My first instinct is to “de-friend” him or simply block his messages. Instead, I decide to see if I’ve grown up enough to respond in a way that will calm him down without becoming incensed myself. I begin by reminding him that I don’t represent AA or any other program of recovery, that I represent only my personal experience, and that my experience has always been to ignore people who’s advice is contrary to what’s in the book Alcoholics Anonymous (a.k.a. Big Book). There, it clearly states that we are not doctors or spiritual leaders:

Alcoholics Anonymous is not a religious organization. Neither does A.A. take any particular medical point of view, though we cooperate widely with the men of medicine as well as with the men of religion.
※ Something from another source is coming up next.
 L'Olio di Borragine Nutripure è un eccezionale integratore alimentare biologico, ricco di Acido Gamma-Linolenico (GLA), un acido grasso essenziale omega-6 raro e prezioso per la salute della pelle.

Alcoholics Anonymous, Second Edition Foreword

And,

God has abundantly supplied this world with fine doctors, psychologists, and practitioners of various kinds. Do not hesitate to take your health problems to such persons. … Try to remember that though God has wrought miracles among us, we should never belittle a good doctor or psychiatrist. Their services are often indispensable in treating a newcomer and in following his case afterward.

Alcoholics Anonymous, 133

No one, no matter their length of sobriety, should be telling anyone in the context of recovery what to do regarding their medications, especially not a man who is clinically diagnosed with severe depression.
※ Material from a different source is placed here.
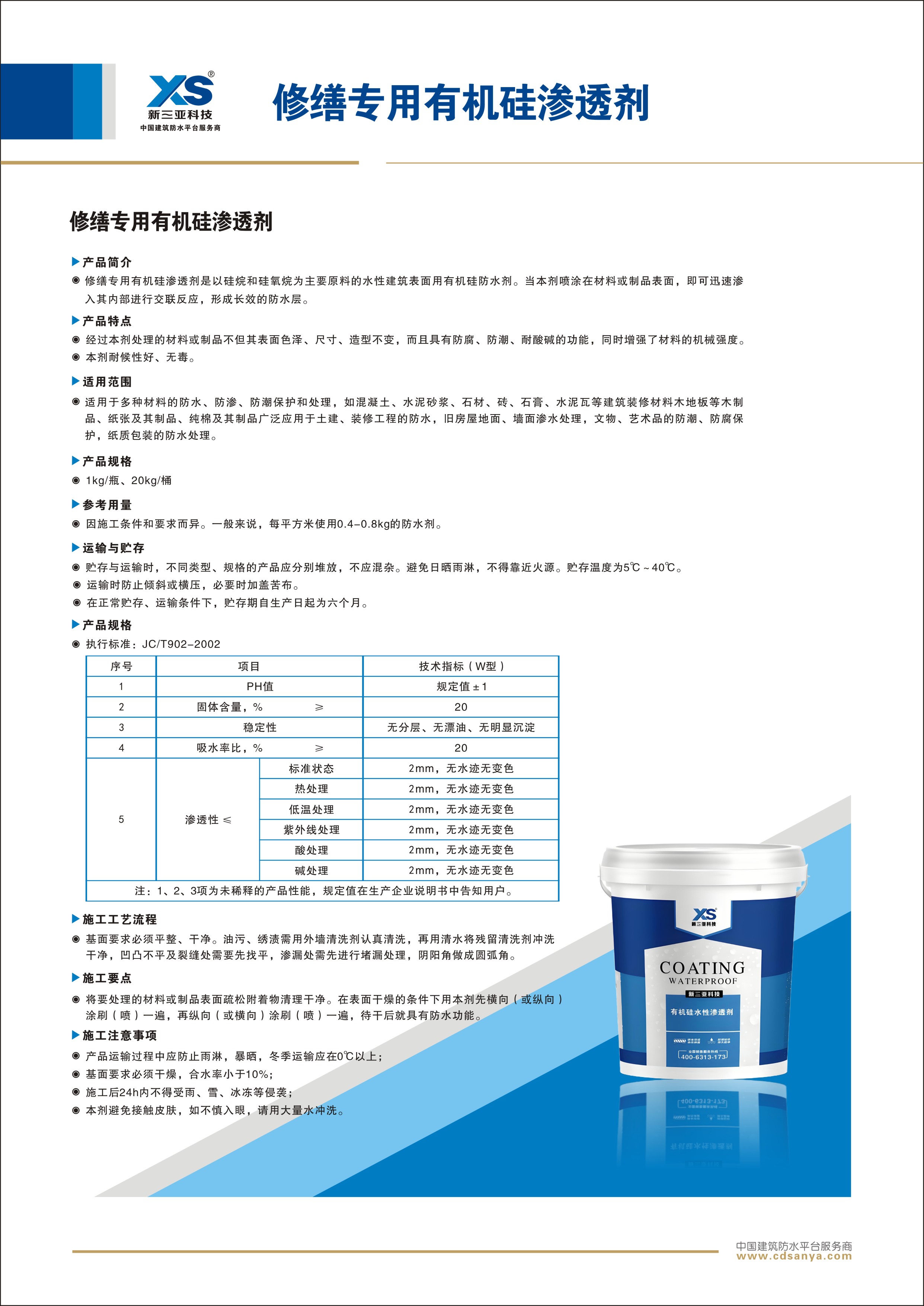 產(chǎn)品簡介: 修繕專用有機(jī)硅滲透劑是以硅烷和硅氧烷為主要原料的水性建筑表面用有機(jī)硅防水劑。當(dāng)本劑噴涂在材料或制品表面,即可迅速滲入其內(nèi)部進(jìn)行交聯(lián)反應(yīng),形成長效的防水層。 規(guī)格:5kg/桶

Unfortunately, my friend isn’t having any of it. His F-Bomb-ridden diatribe goes on for some time, until the only thing left for me to do is invite him to join me at a meeting over the weekend to see if he can’t navigate a different path within the rooms that have saved my life and done so much to make the lives of so many others worth living. The invitation—fortunately or unfortunately—ends our exchange.
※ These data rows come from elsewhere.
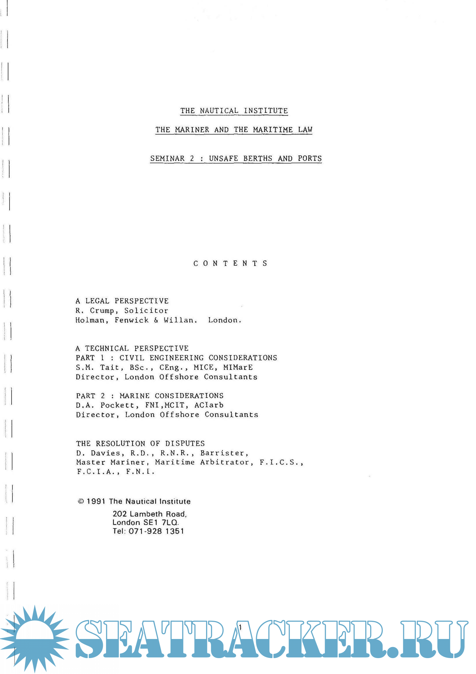 The Mariner and the Maritime Law: Seminar 2. Unsafe Berths and Ports Speakers' Papers
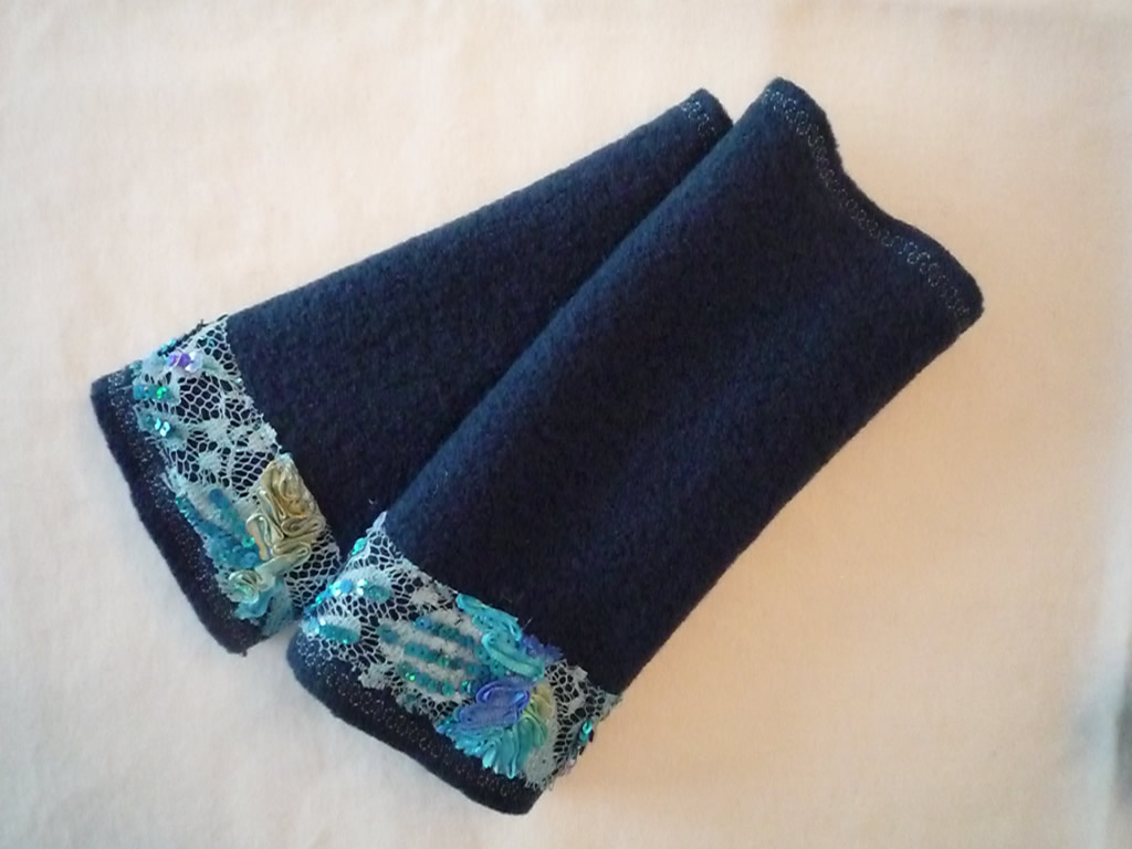 Pulswärmer in petrol mit Paillettenspitze.
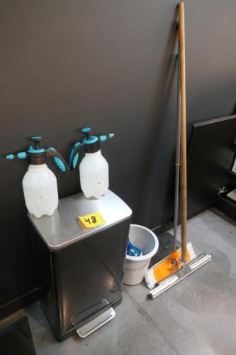 Huisraad : Trekker en swifter - metalen vuilbak -emmer - spuitflessen - diverse glazen en koffiekopjes - keukenmateriaal
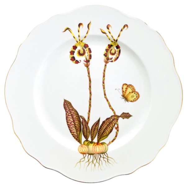 Limited edition porcelain dinner plates hand painted with gold border design. Made in Budapest.
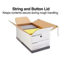 Staples Heavy Duty File Box, String And Button Lid, Letter, White/Gray, 12/Case (TR59223)
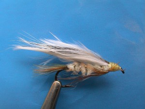 size 10 long shank, white thread, tail and throat of olive, orange and grizzle hackles (I think the original is teal, if not teal then mallard - do I care?), white chenille body with silver rib, white marabou wing with squirrel overwing. If you inadvertently tie the fat head like mine, paint eyes and pretend it was intentional.
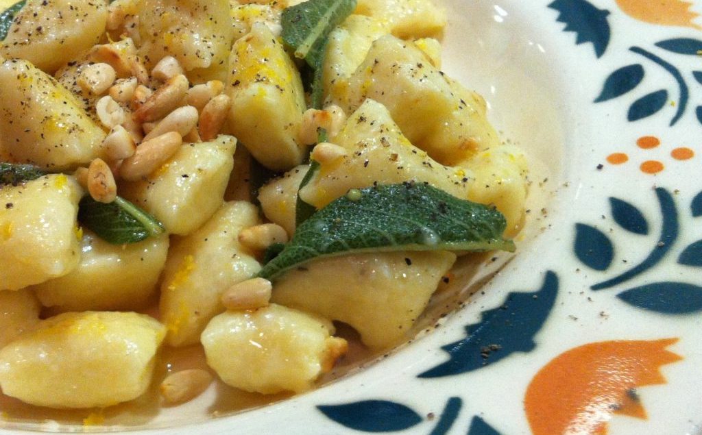 500 g Ricotta mit 2 Eigelb, 60 g geriebenem Parmesan, dem Abgeriebenen von 1/2 Zitrone und einer Prise Salz vermengen. 120 g Mehl beifügen und zügig untermischen. Die Ricottamasse in einen Spritzsack mit 1 cm Tülle füllen und lange Würste auf eine gut bemehlte Arbeitsfläche spritzen. Ricottawürste sogleich im Mehl wenden und mit einem Teighorn in kurze Stücke schneiden und lose nebeneinander auf ein mit Backpapier belegtes Blech geben. Gnocchi bis zur weiteren Verwendung kaltstellen. 80 g Butter aufschäumen lassen, 1 Handvoll Salbeiblätter dazugeben und einige Min. braten. Gnocci derweil in leicht köchelndem Salzwasser gar ziehen lassen und mit einer Schaumkelle herausheben, sobald sie an die Oberfläche steigen. Gnocchi in die Salbeibutter geben, 50 g geröstete, grob gehackte Pinienkerne und Abgeriebenes von 1/2 Zitrone beigeben und 2 Min. in der Salbeibutter schwenken. Sogleich servieren. Quelle: Annemarie Wildeisen’s KOCHEN

The following morning, while I’m scanning some of the recovery blogs I check out when time permits, I come across a disturbing post titled, I Quit, which includes the opening sentence, “Not sobriety. AA. I’m an AA drop-out” (novodkaformama.wordpress.com). Apparently the author is at odds with her sponsor over the 8th and 9th steps. She admits she refuses to acknowledge the need to make any amends beyond the living amends she is making to her husband, her kids, her family, and her friends. Her sponsor feels she’s unwilling to go to any lengths for her sobriety because she isn’t willing to extend the list (I presume). Why this means the end of her relationship with her sponsor and why the termination of her relationship with her sponsor means she has to drop out of AA isn’t entirely clear. But again, it doesn’t matter. I know from experience that it happens … all too often.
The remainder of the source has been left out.